Uma das estudantes acusou Torrisi de molestá-la fisicamente durante sua festa de aniversário. Mas, segundo os juízes, “ele queria pará-la para lhe desejar feliz aniversário”. “Parece improvável que, querendo tocar uma zona erógena, o professor não tenha feito nenhuma alusão sexual”, acrescentaram.


A sentença também afirma que “certamente surgiram evidências de comportamento predatório ou obsessivo em relação às alunas que o professor escolheu como objeto de seus desejos sexuais, mas o tribunal deve distinguir caso a caso se o comportamento é suscetível ao crime em questão”.

Os casos ocorreram entre 2010 e 2014, em um hospital que, na época, integrava a Universidade de Catânia. Em 2015, Torrisi, de 68 anos, foi suspenso de suas funções de professor de Medicina na universidade. Hoje ele está aposentado.

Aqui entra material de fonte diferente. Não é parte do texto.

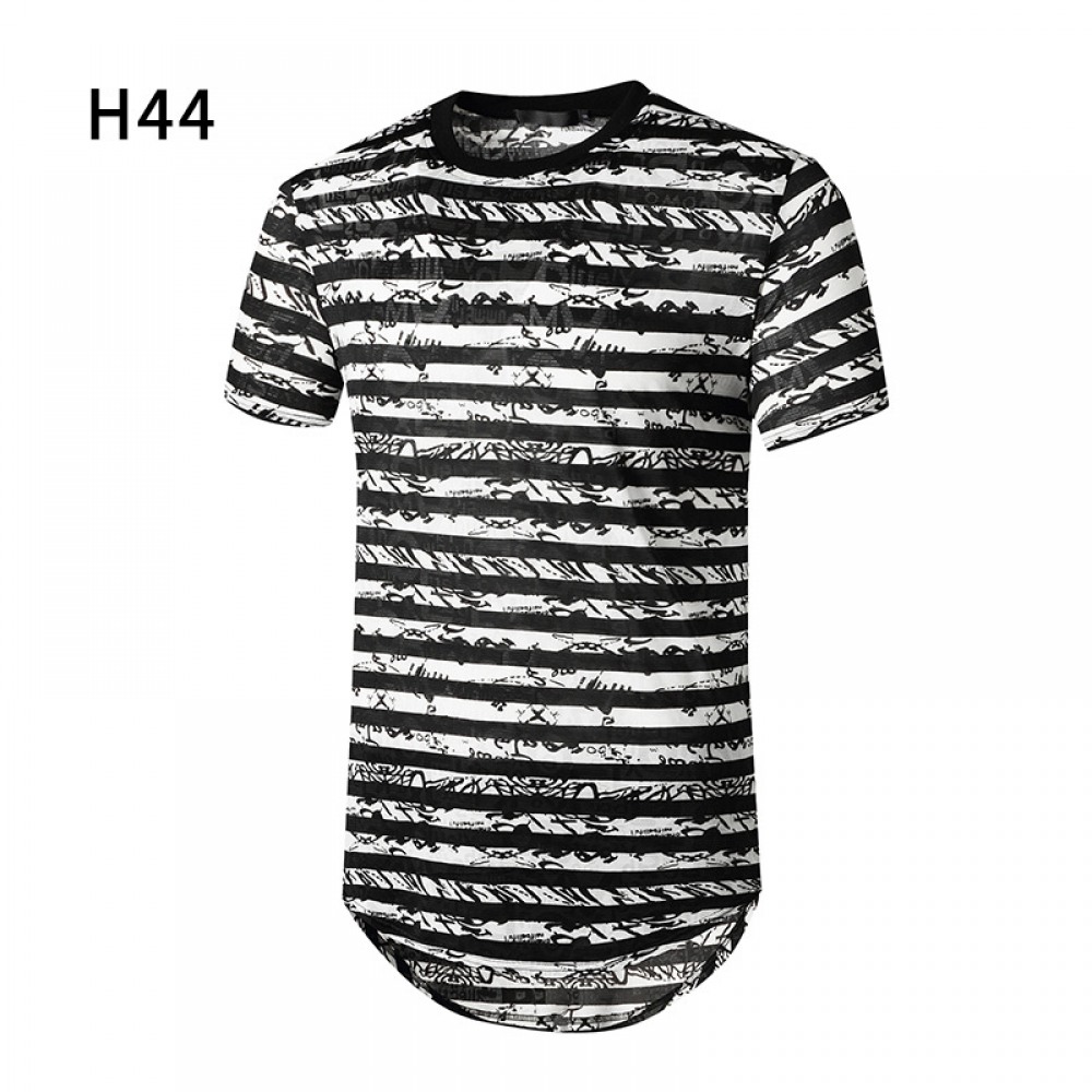 New Summer Men's Short-Sleeved T-Shirt Mens Contrast Striped Slim Casual T-Shirt

Segundo a acusação, ele havia explorado sua posição para impor suas atenções sexuais às garotas, “ameaçando um possível prejuízo direto às suas carreiras universitárias”.

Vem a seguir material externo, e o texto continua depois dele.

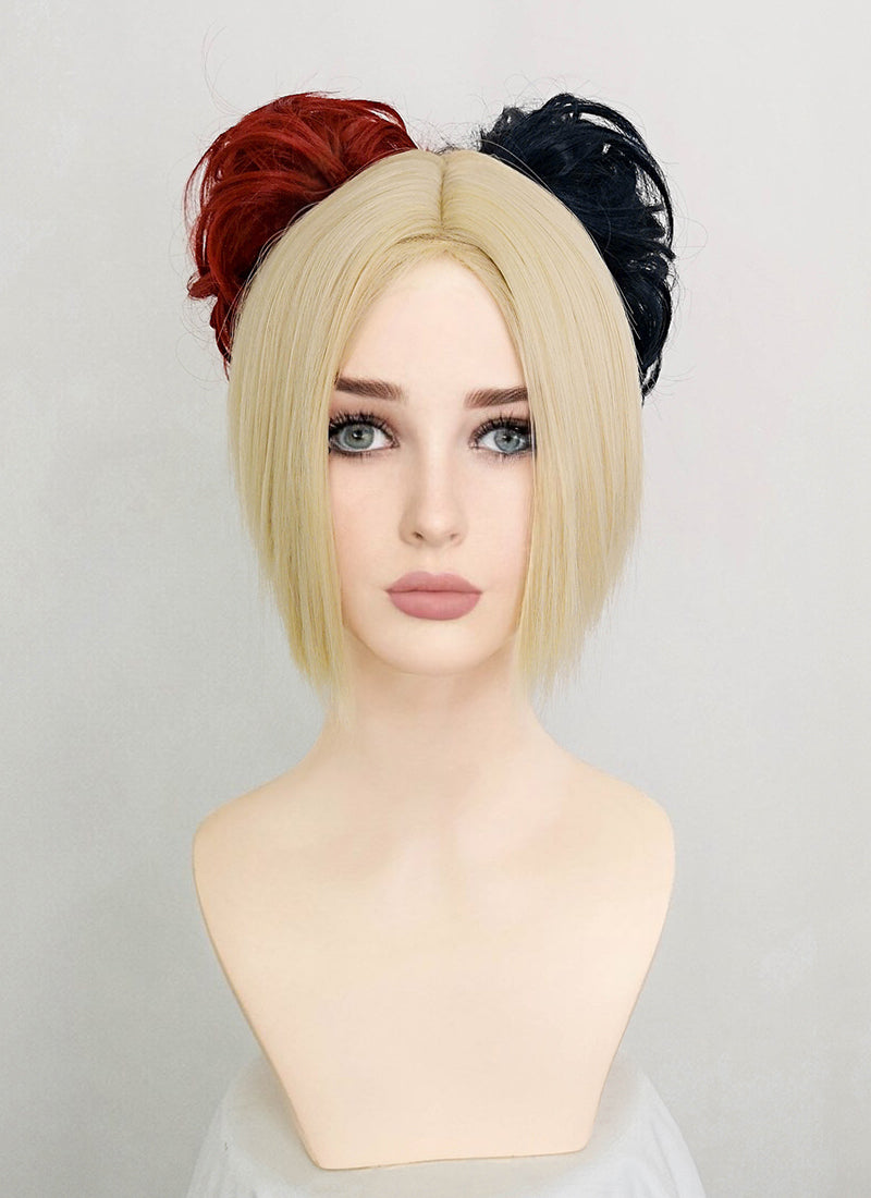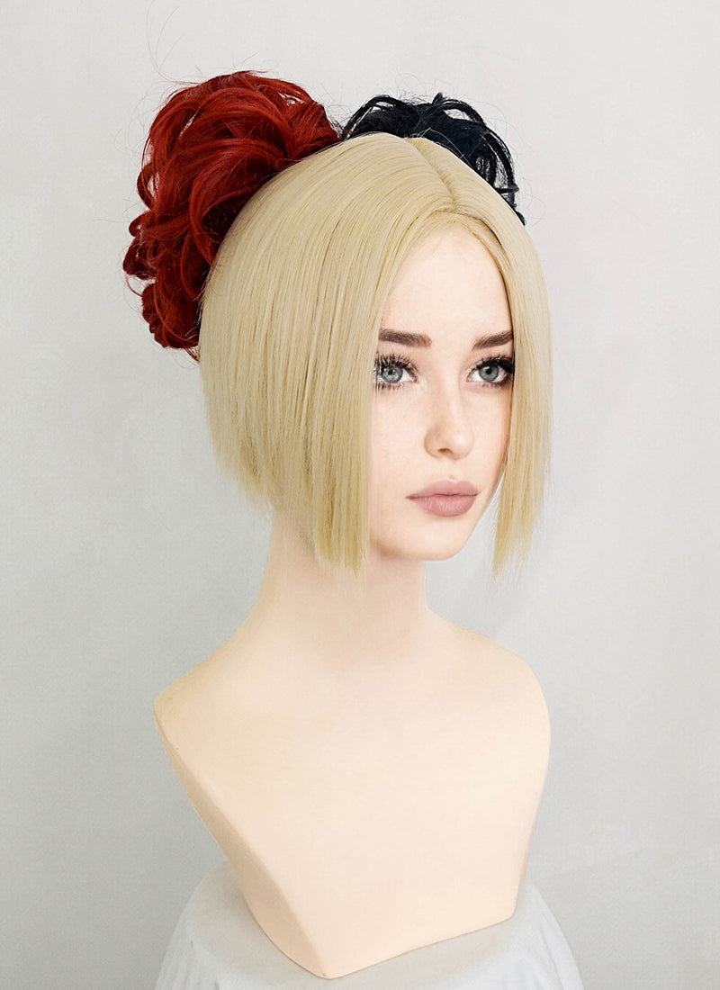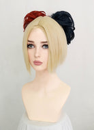 The Suicide Squad 2 Harley Quinn Short Blonde Red Black Ponytail Cosplay Wig ZB249

A primeira audiência do processo contra o professor ocorreu há nove anos, em 17 de junho de 2016, no tribunal de Catânia, composto por duas mulheres e um homem. O veredito foi dado em 25 de fevereiro deste ano, mas só agora os argumentos dos juízes se tornaram públicos.


O caso repercutiu no congresso italiano. A senadora Dafne Musolino expressou sua indignação com o resultado do julgamento. “Estou indignada com a decisão do tribunal de Catânia. Embora as acusações tenham sido comprovadamente fundamentadas, o professor foi absolvido, acusado de ter molestado algumas de suas alunas, pois não houve provas de dissidência.”

“As sentenças não são julgadas, mas às vezes é necessário falar sobre elas porque, evidentemente, falta cultura jurídico-legal. Em nível internacional, a prova de dissidência não é necessária, mas sim de consentimento. Por isso, expresso minha solidariedade às estudantes que tiveram a coragem de denunciar e digo a elas que não desistam e continuem acreditando na justiça”, acrescentou.

Na última semana, o Ministério Público de Catânia afirmou que irá recorrer da decisão.